I am thoroughly and increasingly happy with my choice. Perhaps some of my satisfaction stems from group confirmation bias, but I have strong reasons to recommend Python to others with similar goals.

First, as mentioned, Python is hands-down the most popular language in machine learning, meaning it is unbeatable in terms of libraries, frameworks, support, and learning resources available to become productive in this field that is changing the world.

Second, Python is versatile. It is often compared to R, a popular language among statisticians, for data science, and for machine learning applications. However, R is not a natural choice for software development, while Python is equally suited to gathering data, analyzing it, training machine learning models, and then deploying the models in integrated software solutions and putting them online. Python makes it easy to whip up some quick code on my laptop to enhance productivity, yet it was recently used by scientists to generate the first picture of a black hole.

Third, Python is an excellent choice for backend web application development. While it allowed two (very smart) interns at Natural to develop and deploy the Institute’s first web app in little more than a month, it also powers the core of YouTube, which relies on over one million lines of Python code to feed five billion videos to viewers each day, and Instagram’s core web framework (Django) is also built on Python.
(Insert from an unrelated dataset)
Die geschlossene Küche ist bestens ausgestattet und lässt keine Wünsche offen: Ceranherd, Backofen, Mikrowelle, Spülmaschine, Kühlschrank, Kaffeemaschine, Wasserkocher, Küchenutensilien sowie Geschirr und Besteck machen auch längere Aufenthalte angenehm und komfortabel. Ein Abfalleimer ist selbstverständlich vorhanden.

Fourth, Python, though incredibly powerful, is easy for beginners like me to learn. That is one of the reasons it is increasingly a language of choice in computer science curriculums and specialized courses for non-programmers. This ease of learning stems undoubtedly from the fact that its precursor, the ABC programming language that inspired Python, was explicitly designed as a teaching tool.

The fifth and last reason I love Python has been the most pleasant and biggest surprise to me. It had nothing to do with why I chose Python originally, but it may have a strong impact on my continuing to choose Python in the long term. Python has a strong, welcoming, and supportive community that embodies the ethos of the open source movement. Newcomers are embraced and everyone seems willing to help. There are countless programmers who volunteer their efforts to develop an extremely broad array of useful libraries, not to mention the core developers who maintain CPython[2] itself.
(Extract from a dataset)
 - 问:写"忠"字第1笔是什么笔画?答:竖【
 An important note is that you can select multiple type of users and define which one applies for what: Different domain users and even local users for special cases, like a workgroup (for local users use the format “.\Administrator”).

I knew very little about the open source community before starting to learn computer programming in 2018. I have become increasingly impressed by what it represents. While my experience with this community has been through Python, the movement is far broader and includes many programming languages and related technologies. My impression is that open source is not only contributing decisively to world-changing advances happening right now in information technology, but that it is one of the most positive forces for human progress in the world, full stop. That sounds like the subject of a future post …

[1] The concept of a high-level or low-level programming language is relative. C was originally considered a high-level language, since it abstracted away some routines and made coding more human-accessible than assembly languages. Yet today it is contrasted with languages like Ruby, Python, or Java and labeled “low level.”.

[2] Since Python is an open-source language, it can and does have many branches or implementations. The mainstream, reference implementation is CPython, which for most purposes is synonymous with Python.

This publication is the second in the series From Layman to Deep Learning.